*** Opening RECORDED DATA ***

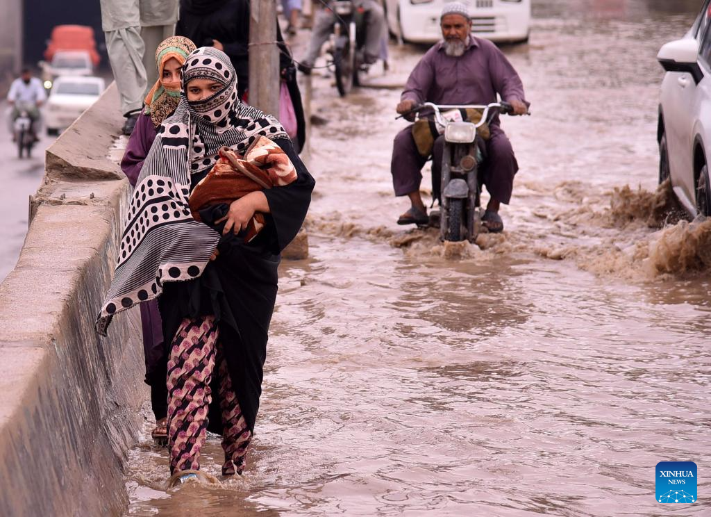 People wade through rain water after heavy rain in Karachi, Pakistan on March 19, 2026. At least 17 people were killed and 30 others injured in rain-related incidents in Pakistan's southern port city of Karachi on Wednesday, officials said. (Str/Xinhua)
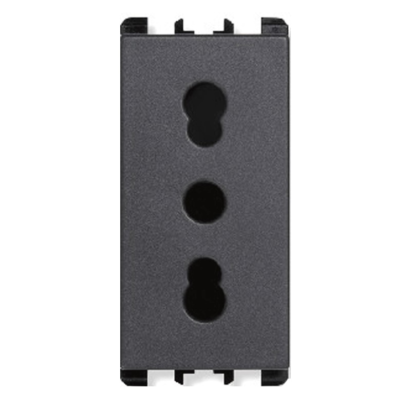 Prise italienne à deux voies Urmet Simon Nea 2P+T 10/16A 250V, bornes à vis, standard P11 et P17, 1 module, couleur gris anthracite. À appliquer sur les supports 10702N.G,10703N,10704N,10706N,10707.
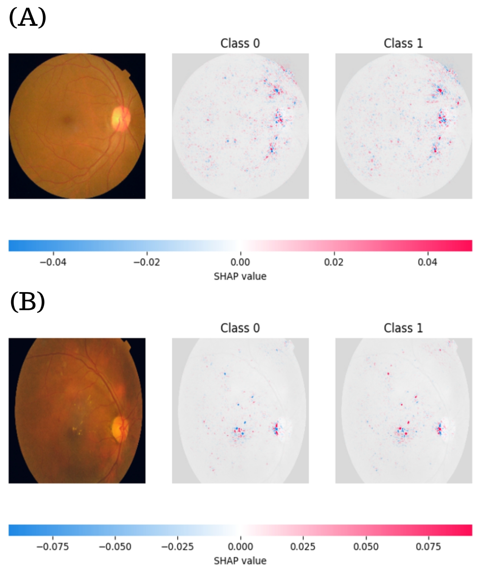 In contrast, the DR-positive case (B) exposes pathological signs such as scattered hard exudates and vascular abnormalities. Here, the SHAP values range from −0.04 to 0.04, indicating a more localized and nuanced 1interpretive scope. In the Class 0 map, negative contributions are more diffusely distributed, signaling that various retinal regions challenge the classification as healthy. Class 1 shows concentrated red zones, particularly near the macula and along primary vascular paths. These areas correspond to lesions typical of DR. Notably, the Class 1 SHAP map reveals more focal and lesion-specific activation compared to Class 0, reinforcing the model’s ability to isolate clinically meaningful features while discounting noise.

*** Closing RECORDED DATA ***

EXERCISE → The answer is the lines above, word for word, from the first one through the one containing "Prise italienne à"; it includes no pictures.

ANSWER BOX →
 People wade through rain water after heavy rain in Karachi, Pakistan on March 19, 2026. At least 17 people were killed and 30 others injured in rain-related incidents in Pakistan's southern port city of Karachi on Wednesday, officials said. (Str/Xinhua)
 Prise italienne à deux voies Urmet Simon Nea 2P+T 10/16A 250V, bornes à vis, standard P11 et P17, 1 module, couleur gris anthracite. À appliquer sur les supports 10702N.G,10703N,10704N,10706N,10707.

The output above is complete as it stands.